I’m actually pretty much in the home stretch (I hope). I’ve deduced and procured a new suspension spring to enable the movement to function again, and have similarly procured and fitted a replacement glass lens for the front cover. I’ve also been running the bare movement in the test stand on and off now for several months and it keeps good time albeit a little touchy on how it wants to be wound. The work now is putting all the bits back together and in the right package.

Overall the case was not in bad shape although it had undergone a little more neglect than it deserved. The piece itself dates to about 1905 and has that old European train station look to it. What moulding there is, though, is quite delicate and there was one corner that must have taken a few hits. 

Here I am inserting some new material a little oversize to be matched in later. 















As is typical with items of this age (especially clocks, it seems) someone has been in before me. The little tabs that hold the circular movement into the case were pretty gibbled-up and bent out of alignment. So much so that I really wasn’t sure where the movement was supposed to sit relative to the case walls. I ended up doing a full-on drawing in AutoCAD to understand how all the pieces would line up and not clash in the final assembly, and this also gave me the freedom to redesign three new mounting tabs. It may be overkill, but mine incorporate a semi-circular slot to allow rotation of the movement for setting the beat. At least that’s the idea — we’ll see if it pays off.

I’m a big fan of of using paper templates for cutting, a technique I learned when cutting letters for architectural signs. Rubber cement works well for me and rubs off cleanly afterwards.
















The mounting tabs need an offset to position the movement correctly front to back. Once I had my shapes cut and finished to final on the edges, I milled the slots using the rotary table and then a traditional vise setup to machine the offset.





















More to come in a bit....


----------



## francist (Oct 24, 2020)

Forgot to include a shot of the drawing....


----------



## francist (Oct 24, 2020)

I also needed a new screw to replace one that had gone AWOL over the years, maybe the same time they trashed the mounting tabs, who knows. Anyway, it needed to be an oddball size — not quite a #4 but yet larger than a #3, and with a 1/48 pitch. But that’s why we have lathes, right?

The turning itself was pretty straightforward. Major diameter is 0.100” for a length of just less than a quarter of an inch. I decided to use brass (the originals are steel) as even though this is an important part it won’t be a high stress application. And brass turns and threads really nicely.

Shortly after I got my 618 I made a hand crank for it, and it’s times like this when it really shines. Here’s the thread coming into form through a magnifying lamp.











And here’s my setup for cutting the slot. I drilled a slightly under size hole right at the separation of two small blocks of wood, so with my threaded screw in between the pressure of the vise jaws holds the part very firmly. Firmly enough for this slitting saw anyway, which is 0.023” wide. 
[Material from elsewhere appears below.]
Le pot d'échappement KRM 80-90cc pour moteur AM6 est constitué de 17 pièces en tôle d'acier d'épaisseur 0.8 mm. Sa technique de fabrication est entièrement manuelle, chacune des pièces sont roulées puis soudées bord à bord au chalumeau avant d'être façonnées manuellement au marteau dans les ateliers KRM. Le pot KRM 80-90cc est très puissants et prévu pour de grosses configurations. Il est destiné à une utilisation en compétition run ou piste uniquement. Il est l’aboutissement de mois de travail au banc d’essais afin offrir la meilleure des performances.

And here’s the finished part, all five grams of it or whatever.






I also got to spend a little more time on the case and blended in the finishes. Not one hundred percent on my colour matching but I find I just don’t have the patience all the time that I once had. So, I might have been a little anxious to see it done. I did pad up the French polish a little though and it gives some gleam back to it.
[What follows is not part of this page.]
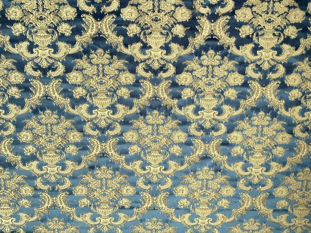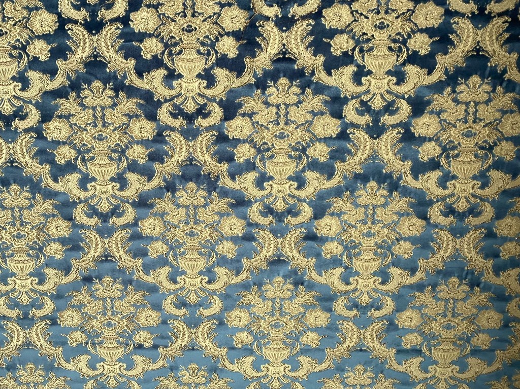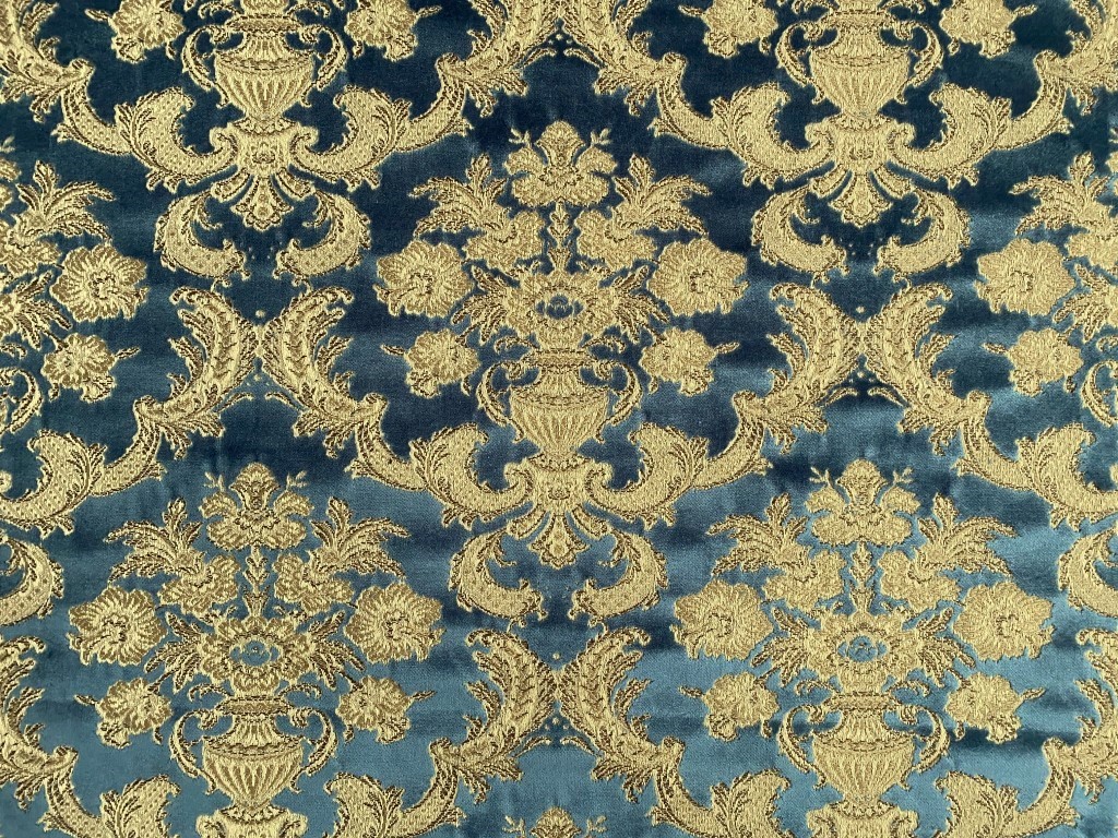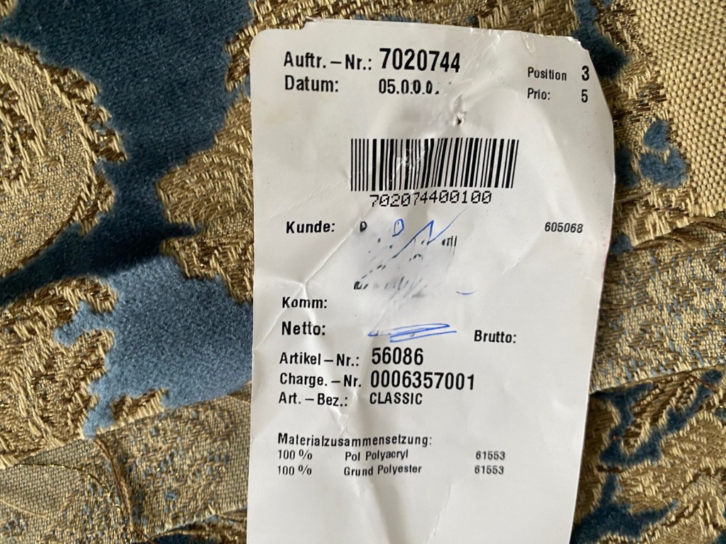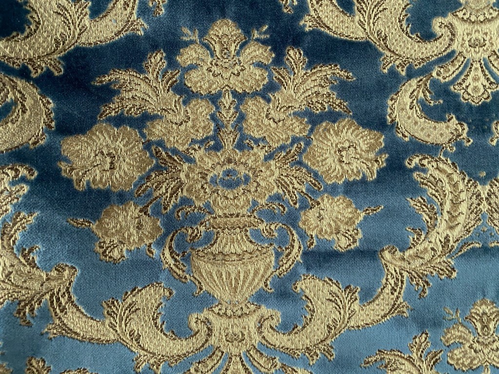 - Kleur: barok patroon in blauw velours, gouddraad en beige

That’s it for now, I’ll come back when I have more to show.

-frank


----------



## David_R8 (Oct 24, 2020)

Really nice work Frank. Seriously impressed 


Sent from my iPhone using Tapatalk


----------



## CalgaryPT (Oct 24, 2020)

Holy cow Frank. That's so far out of my league, I can't even relate to it properly. Beautiful work and patience I'm looking at in your pics.


----------



## Marc Moreau (Oct 24, 2020)

Nice job


----------



## PeterT (Oct 24, 2020)

Nice work Frank. I bet restorations can be more challenging than building from scratch. You did a bang up job on the finish & blending the mods to look like new.

Are these inlays marquetry? (I think that's the right word).


----------



## francist (Oct 24, 2020)

Thanks guys, I appreciate the kind words.

Yeah restorations can be challenging — you need to be on the money or it’s wrong whereas if one builds from scratch we tend to give ourselves more latitude. That’s not to say it’s a finer process, just different and a different approach.

As for the patterns, yes you could call it marquetry. That usually distinguishes veneered work that represents a picture or objects as opposed to just straight inlay for a monogram or something. The entire case is veneered (you can see the lighter pine substrate in the exposed edges where the front bezel fits) so a purist might say that it can’t be called “inlay” because it’s not let into solid wood, but it’s a bit of a fuzzy line sometimes.

-frank


----------



## trlvn (Oct 25, 2020)

@francist Would you consider doing a shop tour (maybe two?) of your woodworking and metalworking spaces?  From the first shot of your bench space, I can see that you've got some fantastic vintage woodworking tools.  That looks like a drawer full of EA Berg chisels or gouges!  I've got a thing for old hand tools [1] and I know @moderate_mixed does too.

Then there is that cool horizontal miller!

BTW, for anybody that likes meticulous hand craftsmanship in metal and wood, you might want to check out Konrad Sauer's work:

https://sauerandsteiner.blogspot.com

In addition to the blog, I posts regularly to Instagram via @sauer_and_steiner.  Always drool-worthy!

Craig
[1] I have a bit of a collection of James Howarth edge tools, primarily gouges and chisels.  Howarth was one of the many fine makers in the golden age of Sheffield, England.  If anyone has any spares, I'd be happy to talk!


----------



## PeterT (Oct 25, 2020)

_BTW, for anybody that likes meticulous hand craftsmanship in metal and wood, you might want to check out Konrad Sauer's work:_

Good link. Some nice craftsmanship & eye candy there.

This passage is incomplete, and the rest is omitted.